I'm going to outline some options and their pros and cons, and in the comments you can argue in favour of any of these, or make a case for something I've not thought about. T
hen I'll do a tick-box poll where you can express a preference for multiple choices.

All readings will be provided free, and will be bilingual.

In chronological order:

Chu Ci: Heavy on shamanism, beasts, other supernatural beings and myths. It's less tidy and official than the Shi Jing, and looks to be an interesting read for anyone keen on xianxia. There is a heavily glossed, recentish and impressively fluid translation. But while later than the Shi Jing, it is another early collection. People seem to want a break from that period, so it might be best left until later on. This looks like it might take us roughly 17 weeks.

- Nineteen Old Poems: A Han era collection that would take us about two weeks, which has many decent translations available. This pulls us from the Shi Jing into later work, and gives us that nice 'only took two weeks!' feeling of accomplishment before we begin any longer project. It is still 'earlyish', though, which might be a point against it.

- New Songs from the Jade Terrace: Romantic and a bit sexy, at nearly 700 poems, to me, this collection seems a bit long for us at present.

(Wen Xuan is not in the running: too long.)

- Three Hundred Tang Poems: This multi-author collection features the greatest hits from an era generally considered the apex of the Chinese poetic tradition. (Though a few conservative calls were involved in this 'best of' reckoning, leaving Li He, the Devilish Talent, out completely.) My concern would be that it is, very deliberately, exactly as long as the Shi Jing, which might put people off. This would take about 30 weeks. 

A nice, free 'complete works of Wang Wei' translation recently came out. There's also his famous co-authored compilation,
Wangchuan ji. I feel both might be better left until we've decided whether we want to go forward with Wang Wei in particular.

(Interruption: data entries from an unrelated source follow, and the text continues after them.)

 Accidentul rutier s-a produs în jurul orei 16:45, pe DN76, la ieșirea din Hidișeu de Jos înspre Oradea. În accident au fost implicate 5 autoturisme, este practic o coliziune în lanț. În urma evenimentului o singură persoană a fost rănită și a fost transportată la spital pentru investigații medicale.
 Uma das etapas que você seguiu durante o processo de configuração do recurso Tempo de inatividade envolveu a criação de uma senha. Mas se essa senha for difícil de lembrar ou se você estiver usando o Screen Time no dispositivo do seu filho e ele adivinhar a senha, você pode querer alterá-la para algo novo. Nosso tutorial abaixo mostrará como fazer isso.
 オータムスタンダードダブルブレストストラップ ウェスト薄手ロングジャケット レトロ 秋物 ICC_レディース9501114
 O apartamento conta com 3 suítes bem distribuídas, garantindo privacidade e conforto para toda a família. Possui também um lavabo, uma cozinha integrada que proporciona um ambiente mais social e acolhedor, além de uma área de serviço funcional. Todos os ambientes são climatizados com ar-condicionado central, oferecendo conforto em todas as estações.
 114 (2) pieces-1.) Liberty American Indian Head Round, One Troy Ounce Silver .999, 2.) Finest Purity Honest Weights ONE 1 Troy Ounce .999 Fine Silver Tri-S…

We're not even discussing Quan Tangshi, it's too long.

[personal profile] douqi expressed some interest in Yuan poetry or Song work, which includes poets like "Ouyang Xiu (kind of), Liu Yong, Su Shi, Li Qingzhao (the Genius Smurfette of the lot), Qin Guan, either Zhou Bangyan or Jiang Kui, maybe the Yan father-son duo, and the soldier guys: Fan Zhongyan, Xin Qiji and that one cannibalistic Yue Fei poem". Qing poetess Gan Lirou also sounds pretty hot. We'd need to hopefully identify a particular collection, though, so I'm not just sourcing random poems in my area of no-expertise. 

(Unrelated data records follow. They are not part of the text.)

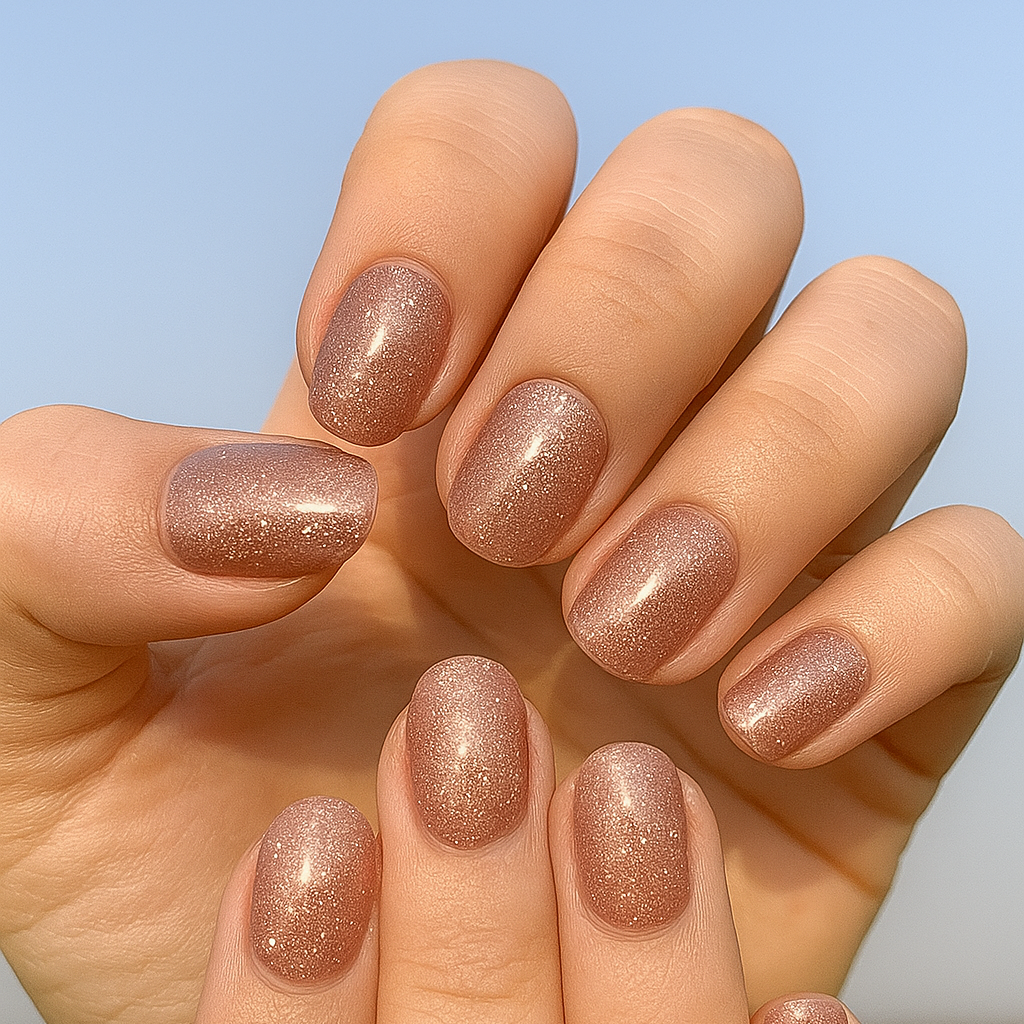 Capture the warm, mesmerizing glow of a precious gemstone with our "Tiger's Eye" press-on nail set. This elegant design features a sophisticated neutral tan base, brought to life with a shimmering golden cat eye effect.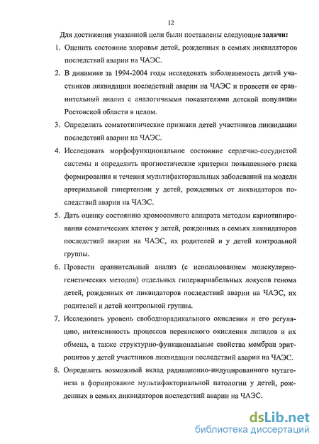 В связи с вышеизложенным целью настоящей работы явилось исследование медико-генетических основ и динамики формирования здоровья детей участников ликвидации последствий аварии на ЧАЭС для дальнейшего совершенствования существующих и разработки новых подходов к прогнозированию и профилактике мультифакториальных заболеваний в этой когорте детей.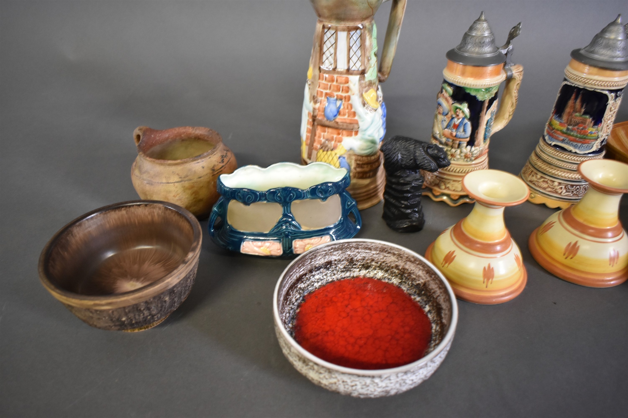 Bilder Parti keramik bla stop med speldosa och skålar, högsta höjd 28 cm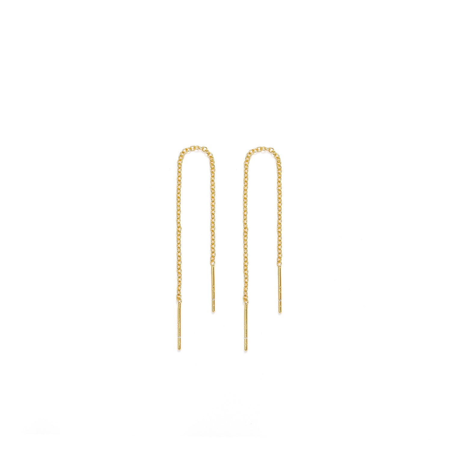 Den forgyldte overflade giver en luksuriøs følelse, mens det enkle design sikrer, at de kan bæres til både formelle og uformelle lejligheder. Ørekæderne er lette og behagelige at have på, hvilket gør dem til et alsidigt tilbehør i enhver smykkesamling.

Comments and suggestions welcome! I'm especially interested in classic collections like the Three Hundred Tang Poems, which have their own historical presence (which increases the chances that someone's written some interesting nonfiction about them).
Date: 2021-06-13 08:01 am (UTC)

douqi: (Default)
From: [personal profile] douqi
I'd vote for either Three Hundred Tang Poems or Ballad of Mulan (note: learned recently that Mulan features as a character in the Romance of Sui and Tang, so I should look that up).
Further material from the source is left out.